The University of Toronto Archives preserves "University records of permanent value and the private records of individuals and organizations associated with the University". Based on the university's collegiate system, its mandate excludes the records of the federated universities (St. Michael's, Trinity and Victoria) and the theological colleges (Knox, Wycliffe, and Emmanuel).

For the university community and the general public, the archives provides research support to help them find available archival sources. It also provides paper and digital records management support to units across the university.

== History ==
In the early 1960s, older Canadian universities began to appoint archivists to care for their accumulating records. At the University of Toronto, the University Archives was created in response to Robert H. Blackburn's proposal to appraise and preserve records housed in what is now Gerstein Science Information Centre. It opened in January 1965 as a unit within the Department of Rare Books and Special Collections with Helen Miles as University Archivist. In 1967, the archives and its home department moved to 45 Charles Street East.

In its first decade, the archives expanded its collection of both administrative and non-administrative university records as well as the personal records of faculty and staff. In 1972, it moved into the Robarts Library building complex to form part of the Thomas Fisher Rare Book Library. At the end of 1972, the institution's volume of material stood at some 1,500 metres.

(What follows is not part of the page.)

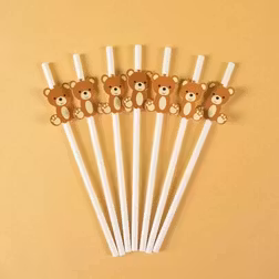 SHEIN 30Pcs Bear Paper Straws Cute Brown Bear Disposable Drinking Straw Kids Birthday Baby Shower Party Decoration Supplies,1st Birthday Party DIY Decoratio
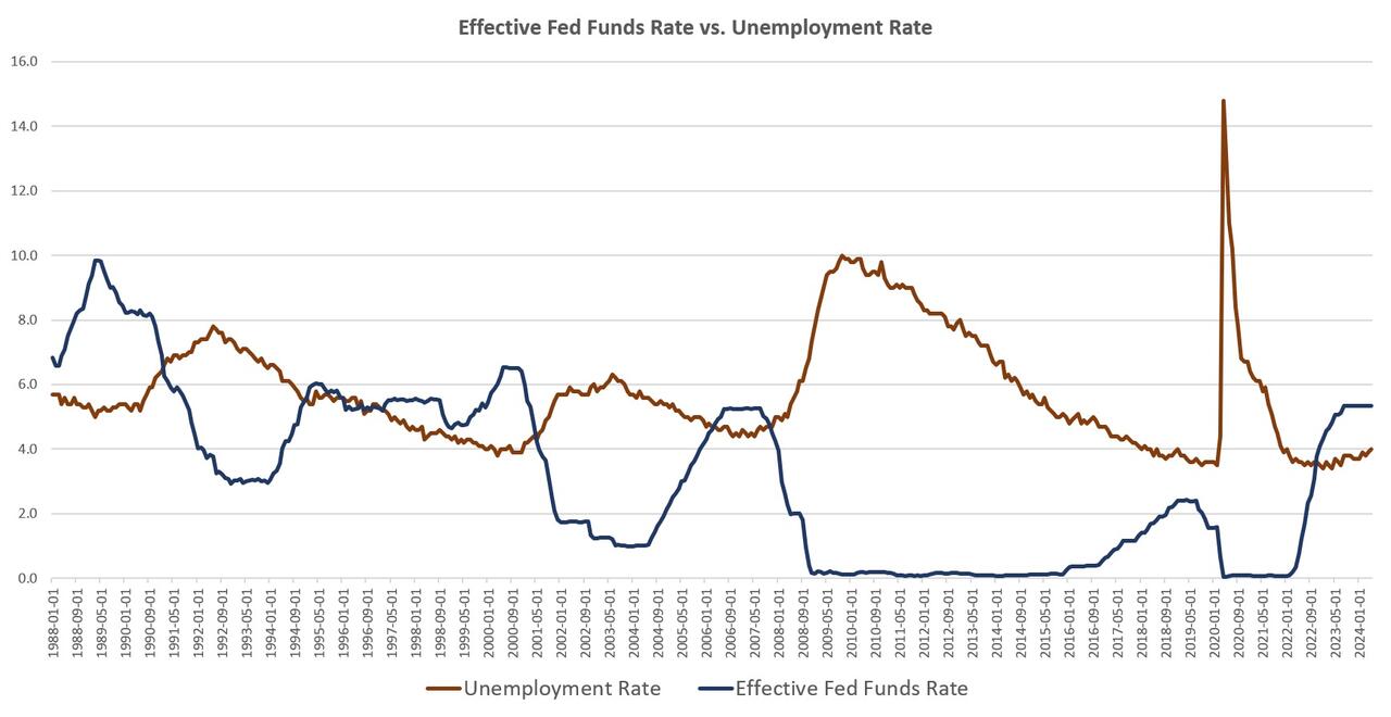 That’s not what happens in real life, though. Note, for example, that over the past 30-plus years, that Fed rate cuts did not cap off a “soft landing,” but actually preceded the most vigorous period of job losses. As can be seen in the graph, cuts to the federal funds rate come several months before sizable increases in the unemployment rate. Sharp rate cuts began in 1990, for example, and the 1991 recession soon followed. Similarly, the Fed began to cut rates in late 2000, and then the unemployment rate soon accelerated upward. This again happened in 2007 when unemployment began to mount shortly after Fed rate cuts.

The archives continued to grow through the 1980s and the 1990s through budgetary challenges and technological changes. In May 1989, the University Archives launched a records management program.

In 2015, the University Archives housed about 11,400 metres of material and managed about eight times as much material as it did in 1972. It increasingly stored its collections offsite at the University of Toronto Libraries' Downsview location and was adapting to greater demand for audiovisual material. It also worked to get its holdings into the public domain through scanning.

In 2025, UTARMS housed over 14 kilometres of records, 3.1 terabytes of web archives and 33.7 terabytes of digitized archives.

== Collections ==
The archives's holdings include:

- 11,000+ metres of paper records
- 200,000+ photographs and negatives
- 100+ oral histories recording the personal memories of senior administrative staff, faculty, and students
- thousands of architectural plans and drawings of university buildings
- digitized 57,000+ pages of print material, including yearbooks, president’s reports and other university publications
- the original university charter from 1827
- masters theses from 1897-1989 and doctoral theses from 1900-1985
- the papers of influential members of the university, including Harold Innis, Ursula Franklin, C.B. Macpherson, C.P. Stacey, and Helen Hogg

UTARMS provides a range of digital tools to help users find what they need. (Note: The vast majority of archival material is maintained offline.) This includes digital access to descriptions of holdings through Discover Archives, a central search portal for archival material held by the University of Toronto and its federated colleges.